This week I was at a workshop on Graphs and Probability at Eurandom in Eindhoven. And yes, there was quite a bit of discussion of trees! Here are a couple of things that caught my eye (not the most significant results presented).

Benjamin Doerr discussed his work with Marvin Künnemann on a model of rumour spreading. This happens in discrete time steps. At the start, one person knows the rumour. At each time step, each person who knows the rumour calls a randomly chosen other person and tells them. How long until everyone knows? This was first considered by Frieze and Grimmett in 1985; the answer is log_{2}*n*+log_{e}*n* with some error, and subsequent analysis has involved improving bounds on the error. (I am happy to report that the proofs haven’t got monotonically longer as the results have improved.) But why the strange mixture of logs?

- In the early stages of the process, the number of people who know the rumour roughly doubles at each step, so after log
_{2}*n*steps a substantial fraction of the population will be informed. - In the late stages of the process, when nearly everybody knows the rumour, the probability that a given individual who doesn’t know it fails to learn it at the next round is about ((
*n*−1)/*n*)^{n}, which is about 1/e. So the number of people who don’t know the rumour shrinks by a factor about 1/e each time, and informing everyone will take about log_{e}*n*steps.

The detailed arguments involve making these two statements precise and looking at the interface between the two regimes. Their result was that it is a “constant” plus a tiny random variable, but the “constant” is not constant, it depends on the arithmetic structure of *n* (the variation is about 10^{−11}).

Stefanie Gerke talked about a problem she’d worked on with Paul Balister.
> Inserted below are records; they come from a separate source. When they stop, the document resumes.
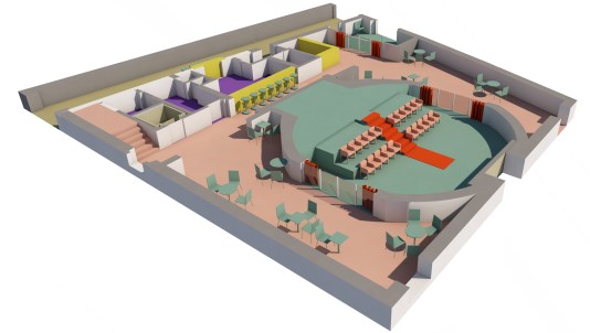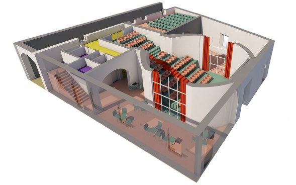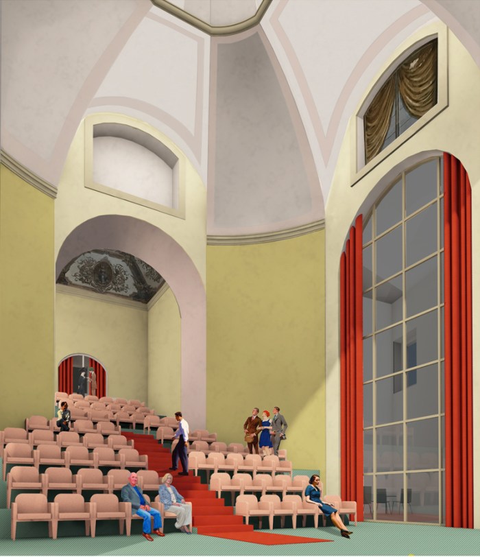 Two movie theatres and a multifunctional room. The main theatre will be characterized by a stepped structure, enriched by the vaults of the church dome and the apse, in an elegant context suitable to enjoy films, theatrical performances, scenic readings, and musical concerts. The second room, on the upper floor, will be dedicated to specific groups of publics: children, schools, cine clubs, and amateur groups interested in thematic reviews. A third multifunctional room will offer an easily transformable study room to host training courses and film workshops. On the ground floor, a big foyer will embrace the main room. The project for the Cinema Bambi, through an unusual imaginative journey, will have a great responsibility, both civic and cultural at the same time: to bring citizens closer to the deconsecrated church of San Nicolò – to its construction, to its most intimate nature, making possible to observe and live in the church from an unusual point of view.
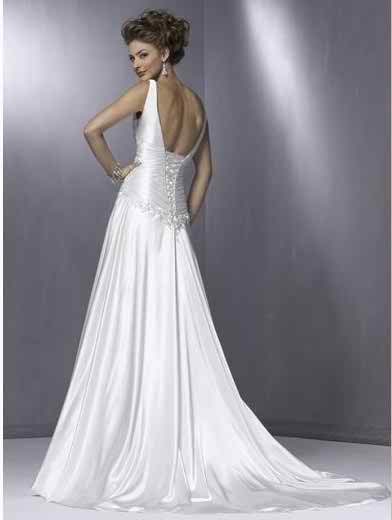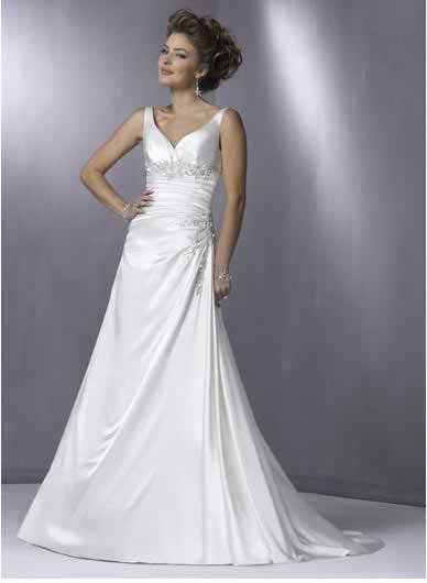 We start with mentioning some details about the first wedding dress. This one is conceived in a very interesting manner, in A-line it has a V neckline and not that thin straps.
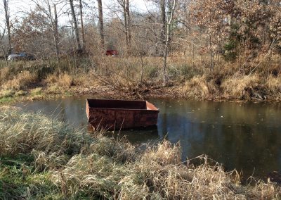 The toughest to correct was the wagon in the pond. Someone had to get into the pond and attach onto the wagon and then the wagon had to be drug out of the pond. It ended up taking a few years to get it out! The bulldozer though may still be needing repairs.

This concerned a theorem which had appeared in *Nature* on maximum matchings in bipartite graphs with degree constraints. In the *Nature* paper, the theorem had been “proved” by a heuristic, and “verified” by simulation. Stefanie showed us that the theorem was false, and gave us the correct version with a mathematical proof. (Part of the problem was that the simulations had been restricted to some very special cases where the true and false results happen to agree.)

Finally, a very small thing; so small that I forgot to record whose talk I learned it from. Suppose that a graph on *n* vertices is regular, with degree *d*. Then there is an independent set (one containing no edges) of size at least *n*/(1+*d*). This can be found by the following simple procedure: repeatedly choose a vertex, add it to the independent set being built, and delete it and its neighbours from the graph. This obviously runs for at least *n*/(1+*d*) rounds. But what do we do if the graph is not regular? Not at all obvious, at first sight.

It turns out that there is an independent set of size at least ∑1/(1+*d*(*v*)), where the sum is over all vertices, and *d*(*v*) is the degree of vertex *v*. The proof is very simple. Choose a random ordering of the vertices of the graph. The probability that a vertex *v* comes before all of its neighbours is clearly 1/(1+*d*(*v*)), and so the given sum is the expected number of vertices which come before all their neighbours. But these vertices form an independent set!